Another recommendation from the Task Force was to build a Federation of structural model and experimental data repositories that interoperate with one another. This requires development of well-aligned data standards and data exchange protocols that enable efficient and automated interoperation. Lastly, the Task Force recommended the creation of methods for evaluating and validating integrative structures so that they can be appropriately used for downstream applications. A reasonable starting point for structure validation is the model assessment process outlined in sect. “Modeling with IMP”. However, much more research effort on the part of the entire community is needed to define the necessary validation criteria and implement them in robust software, eventually leading to a validation pipeline that can be part of the archiving process. Work is currently in progress to build an interoperating network of repositories as well as to develop the validation pipeline for integrative models.

Multi-method structures in the Protein Data Bank

The PDB is the sole international repository for experimentally-determined 3D atomic structures of biological macromolecules (Berman et al. 2000, 2003). When the resource was first established in 1971, X-ray crystallography was the principal method for determining the structures of these molecules and therefore the PDB archived structures determined from diffraction experiments, initially using X-ray and later from neutron radiation. Over time, the structural biology field grew and newer methods of structure determination using NMR spectroscopy and 3DEM were developed. Simultaneously, the PDB expanded itself to serve the needs of the structural biology community and started archiving structures determined using NMR spectroscopy (Borah et al. 1985) and 3DEM (Henderson et al. 1990). In 2008, the PDB began to require the deposition of structure factors for X-ray structures and the deposition of NMR chemical shifts for NMR structures (wwPDB consortium 2007).
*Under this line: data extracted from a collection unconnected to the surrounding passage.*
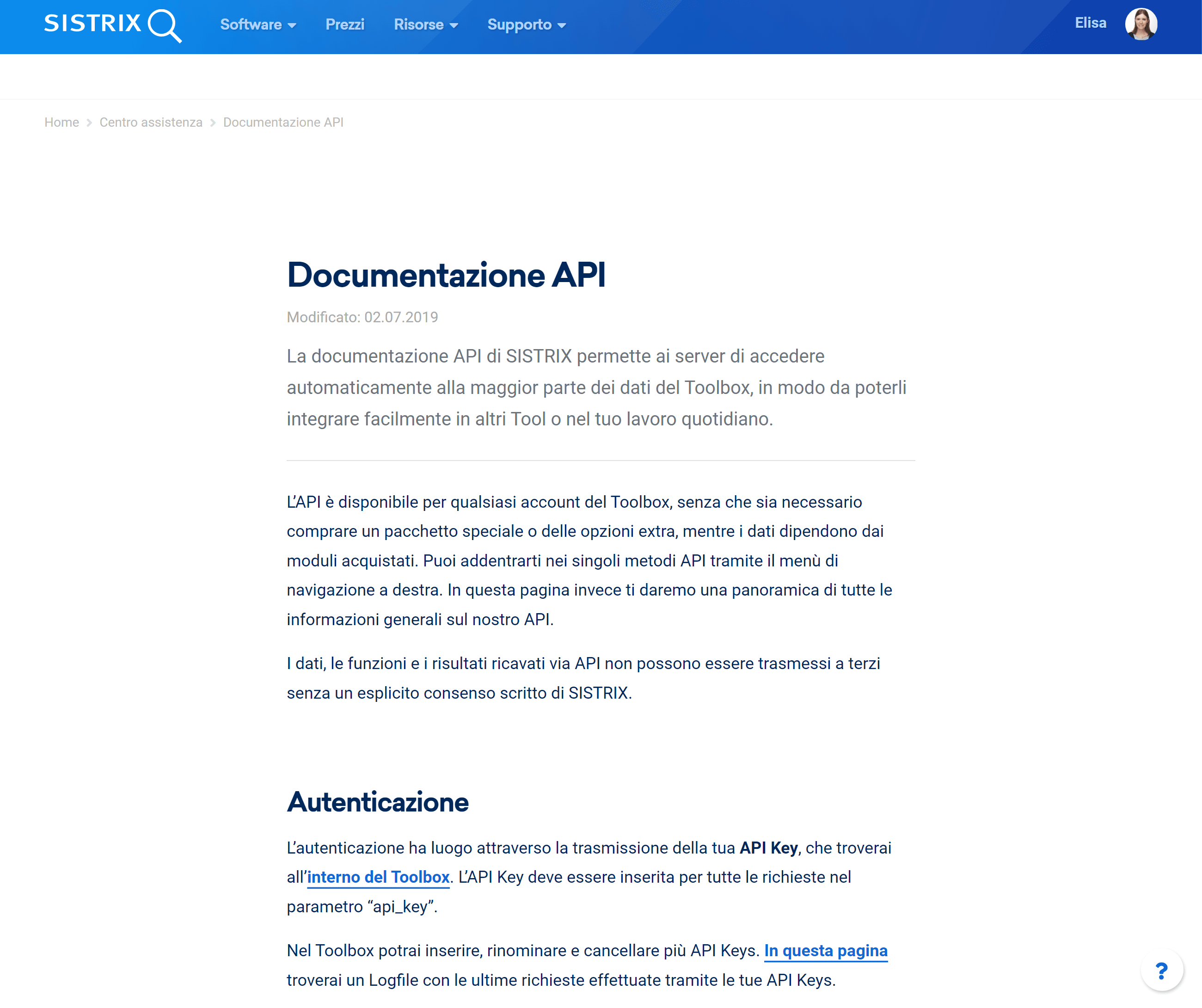 Interfaccia Api Sistrix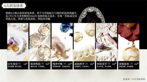 百雀羚此次回归彩妆的背后,是一套完整的科研体系支撑。品牌构建了赛道内独有的“六维一体养肤彩妆研发体系”,实现了从百年成分、纯净平衡、妆养科技到皮肤科学、国妆美学、彩妆技术的全链路闭环。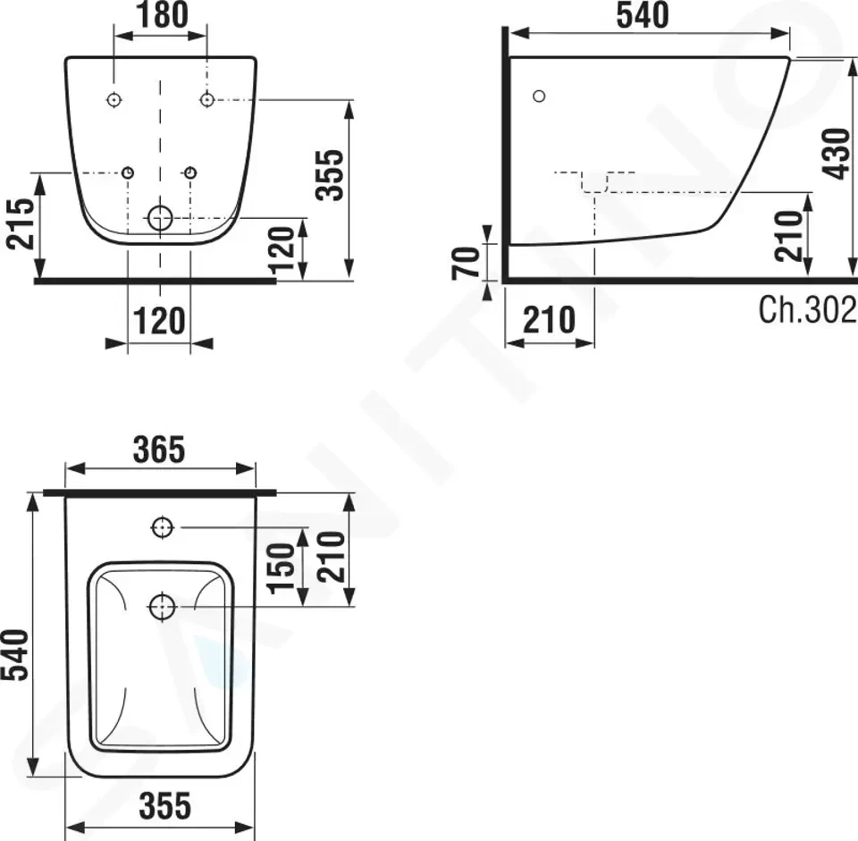 Bidet závesný s otvorom pre batériu, s postrannými otvormi

BioMagResBank (BMRB (Ulrich et al. 2008)) and Electron Microscopy Data Bank (EMDB (Tagari et al. 2002; Lawson et al. 2016; Patwardhan and Lawson 2016)) have been created independently to archive NMR data and 3DEM maps. The availability of the underlying experimental data made it possible to create better validation standards for the structural models archived in the PDB. The wwPDB consortium (Berman et al. 2007) that manages the PDB archive has recently developed the OneDep system (Young et al. 2017) to provide a unified portal for the deposition of structural models determined using X-ray crystallography, NMR spectroscopy, and 3DEM along with associated experimental data that aids structure validation.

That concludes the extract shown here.